* _TASK TO CARRY OUT_:
Your answer must be an exact retyping of the line containing "Іл. 5. Фрагмент" and every line after it through the end of the records below, with no pictures and nothing else.
=== PROVIDED DATA ===
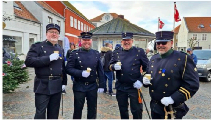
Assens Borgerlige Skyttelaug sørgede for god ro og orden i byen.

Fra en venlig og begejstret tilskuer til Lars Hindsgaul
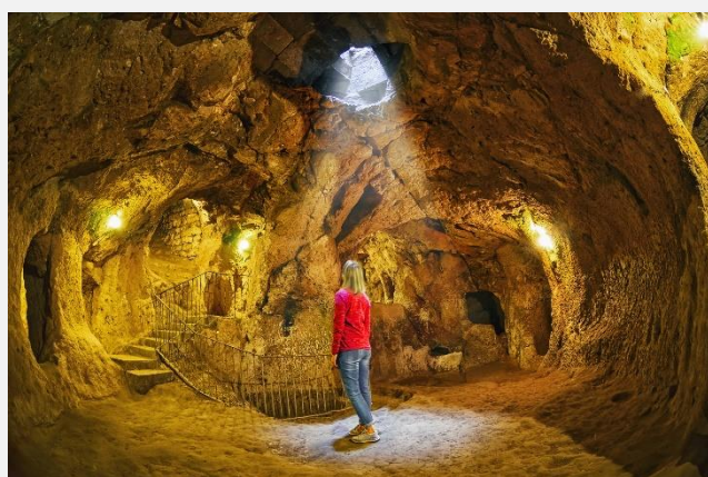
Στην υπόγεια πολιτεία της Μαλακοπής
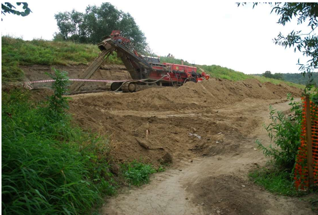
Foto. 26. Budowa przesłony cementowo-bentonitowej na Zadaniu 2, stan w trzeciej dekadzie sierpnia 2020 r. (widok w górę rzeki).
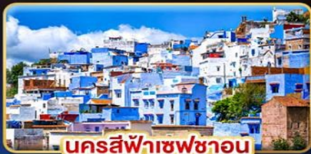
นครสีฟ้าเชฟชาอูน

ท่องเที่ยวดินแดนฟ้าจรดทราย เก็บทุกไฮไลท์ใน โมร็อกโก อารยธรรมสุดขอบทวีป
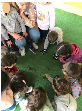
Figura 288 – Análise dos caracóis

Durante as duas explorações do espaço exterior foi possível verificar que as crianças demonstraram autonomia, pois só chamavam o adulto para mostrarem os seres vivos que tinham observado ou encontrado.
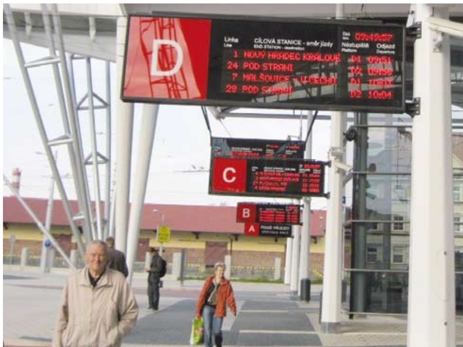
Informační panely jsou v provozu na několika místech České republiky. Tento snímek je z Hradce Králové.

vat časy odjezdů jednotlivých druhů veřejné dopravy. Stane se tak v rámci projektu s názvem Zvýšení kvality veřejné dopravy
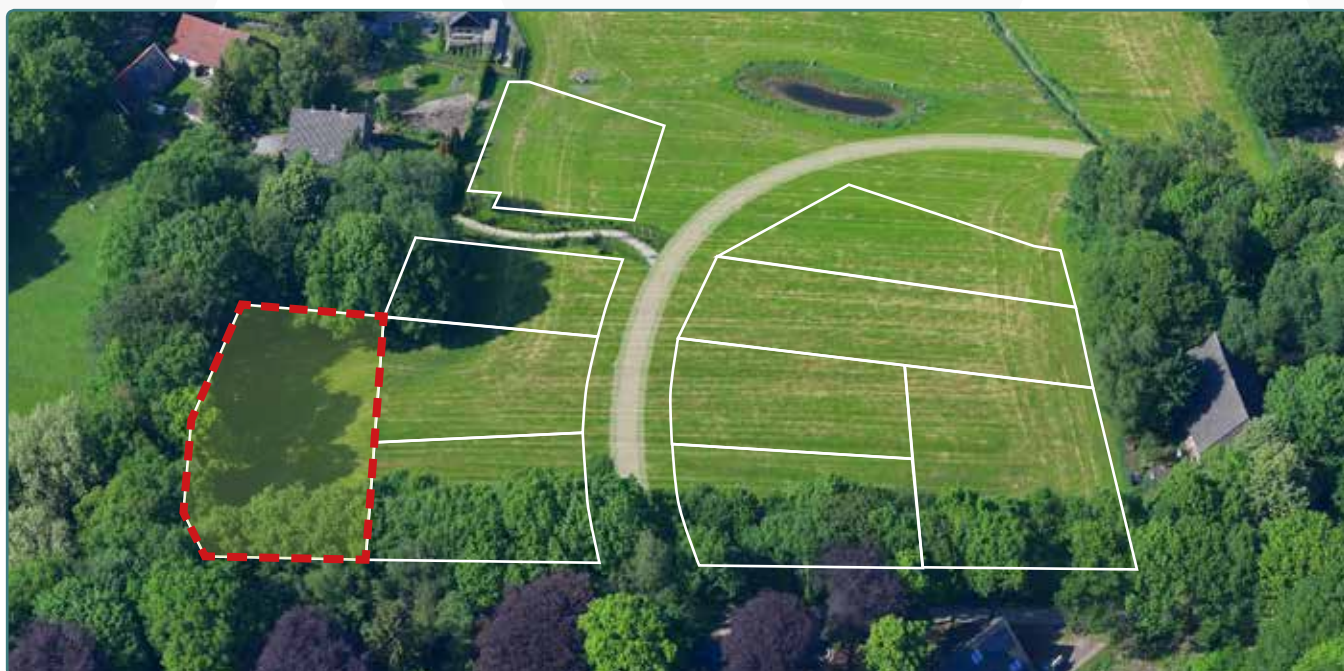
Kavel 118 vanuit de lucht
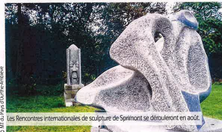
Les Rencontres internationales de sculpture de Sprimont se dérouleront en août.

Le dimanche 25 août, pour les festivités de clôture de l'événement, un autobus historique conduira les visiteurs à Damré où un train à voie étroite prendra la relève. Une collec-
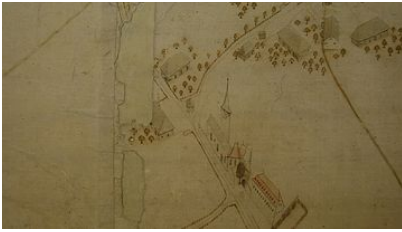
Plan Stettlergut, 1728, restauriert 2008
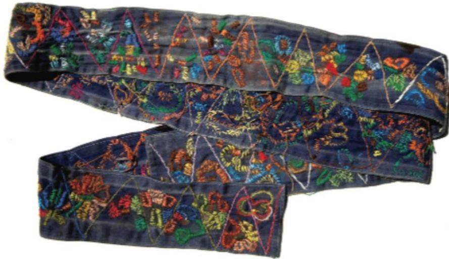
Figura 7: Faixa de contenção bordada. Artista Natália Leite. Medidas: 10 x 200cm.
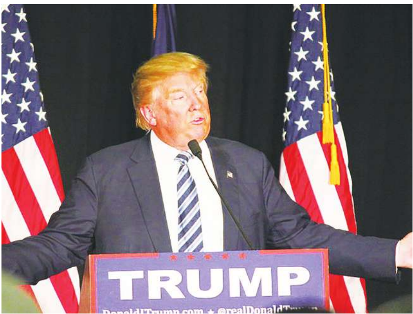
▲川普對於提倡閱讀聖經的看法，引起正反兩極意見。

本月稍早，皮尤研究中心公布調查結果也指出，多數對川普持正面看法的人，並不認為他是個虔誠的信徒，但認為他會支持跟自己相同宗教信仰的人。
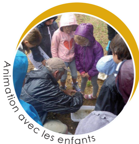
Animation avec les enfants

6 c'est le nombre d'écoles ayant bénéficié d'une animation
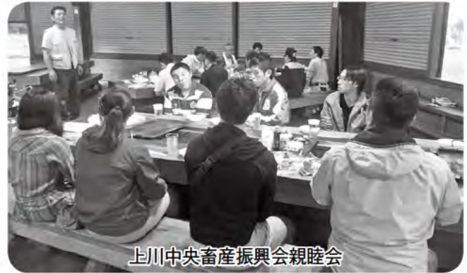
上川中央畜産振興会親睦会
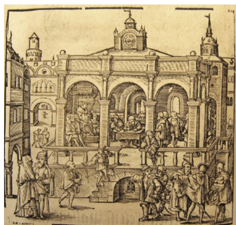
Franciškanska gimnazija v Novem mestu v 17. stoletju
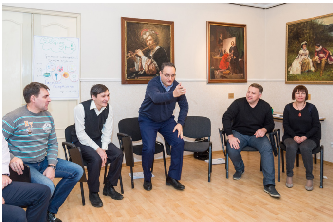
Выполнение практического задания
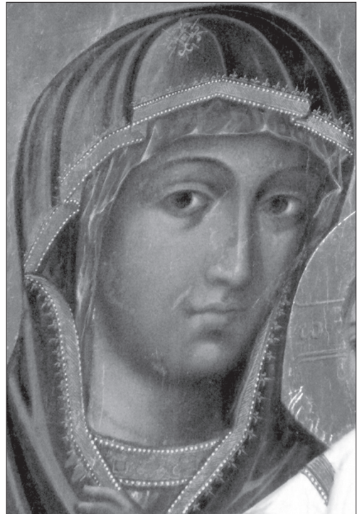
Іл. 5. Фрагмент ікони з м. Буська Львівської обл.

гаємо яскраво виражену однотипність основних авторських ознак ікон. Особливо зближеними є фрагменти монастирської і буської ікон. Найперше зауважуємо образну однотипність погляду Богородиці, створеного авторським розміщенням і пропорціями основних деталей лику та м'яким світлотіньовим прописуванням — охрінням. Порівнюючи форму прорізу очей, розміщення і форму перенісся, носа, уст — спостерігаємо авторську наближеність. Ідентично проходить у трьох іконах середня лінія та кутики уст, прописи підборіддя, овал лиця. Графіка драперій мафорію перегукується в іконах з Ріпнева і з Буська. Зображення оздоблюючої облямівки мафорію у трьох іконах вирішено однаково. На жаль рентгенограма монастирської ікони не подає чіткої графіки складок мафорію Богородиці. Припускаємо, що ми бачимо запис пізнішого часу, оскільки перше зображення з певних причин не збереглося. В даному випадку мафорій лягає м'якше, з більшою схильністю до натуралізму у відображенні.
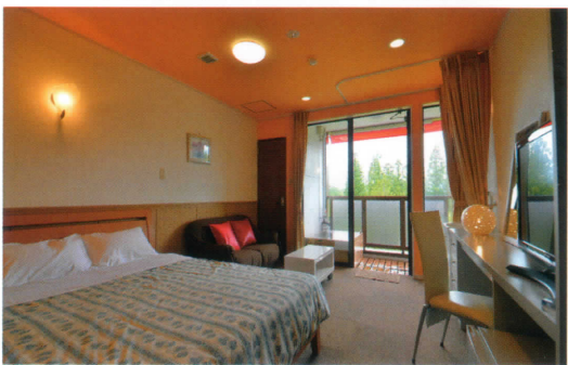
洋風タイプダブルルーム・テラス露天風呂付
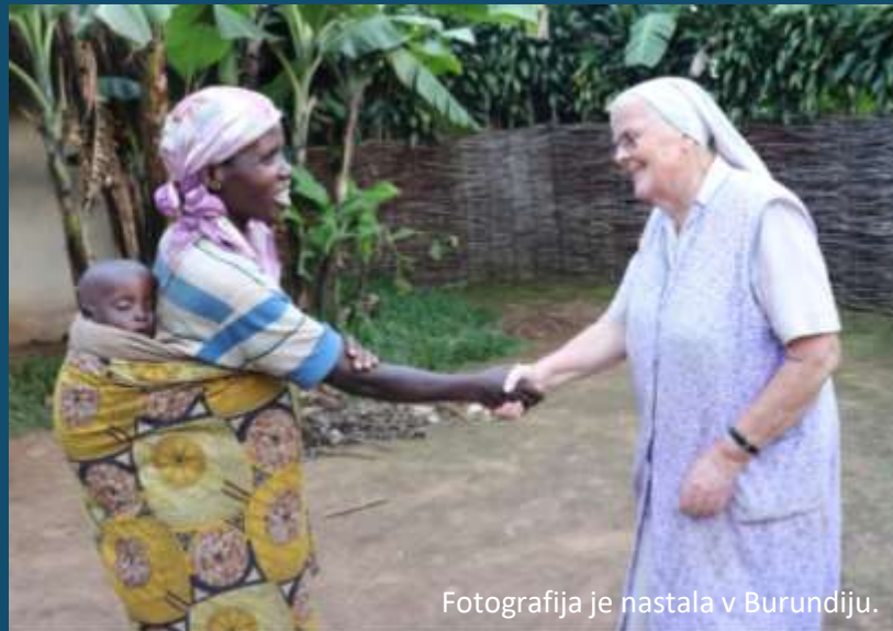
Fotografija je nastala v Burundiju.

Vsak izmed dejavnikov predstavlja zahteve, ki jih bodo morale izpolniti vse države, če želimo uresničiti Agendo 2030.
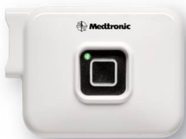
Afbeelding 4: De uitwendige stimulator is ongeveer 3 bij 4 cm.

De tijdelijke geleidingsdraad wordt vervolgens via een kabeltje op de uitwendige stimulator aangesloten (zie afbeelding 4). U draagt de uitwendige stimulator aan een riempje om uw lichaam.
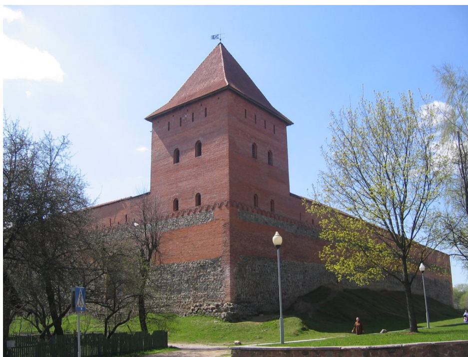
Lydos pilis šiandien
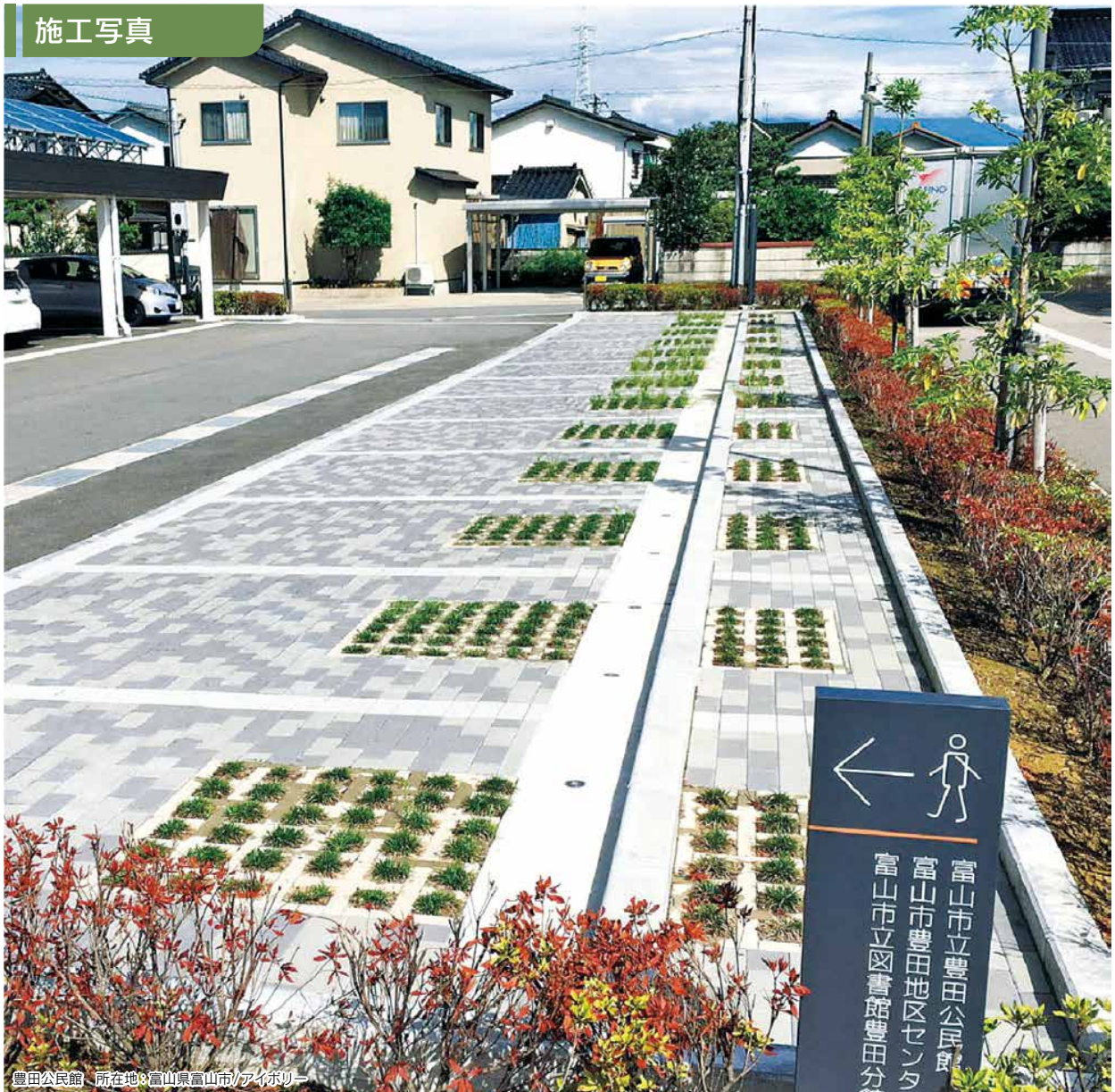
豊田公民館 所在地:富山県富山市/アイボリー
===
* _SOLUTION FOR THIS TASK_:
Іл. 5. Фрагмент ікони з м. Буська Львівської обл.

гаємо яскраво виражену однотипність основних авторських ознак ікон. Особливо зближеними є фрагменти монастирської і буської ікон. Найперше зауважуємо образну однотипність погляду Богородиці, створеного авторським розміщенням і пропорціями основних деталей лику та м'яким світлотіньовим прописуванням — охрінням. Порівнюючи форму прорізу очей, розміщення і форму перенісся, носа, уст — спостерігаємо авторську наближеність. Ідентично проходить у трьох іконах середня лінія та кутики уст, прописи підборіддя, овал лиця. Графіка драперій мафорію перегукується в іконах з Ріпнева і з Буська. Зображення оздоблюючої облямівки мафорію у трьох іконах вирішено однаково. На жаль рентгенограма монастирської ікони не подає чіткої графіки складок мафорію Богородиці. Припускаємо, що ми бачимо запис пізнішого часу, оскільки перше зображення з певних причин не збереглося. В даному випадку мафорій лягає м'якше, з більшою схильністю до натуралізму у відображенні.
洋風タイプダブルルーム・テラス露天風呂付
Fotografija je nastala v Burundiju.

Vsak izmed dejavnikov predstavlja zahteve, ki jih bodo morale izpolniti vse države, če želimo uresničiti Agendo 2030.
Afbeelding 4: De uitwendige stimulator is ongeveer 3 bij 4 cm.

De tijdelijke geleidingsdraad wordt vervolgens via een kabeltje op de uitwendige stimulator aangesloten (zie afbeelding 4). U draagt de uitwendige stimulator aan een riempje om uw lichaam.
Lydos pilis šiandien
豊田公民館 所在地:富山県富山市/アイボリー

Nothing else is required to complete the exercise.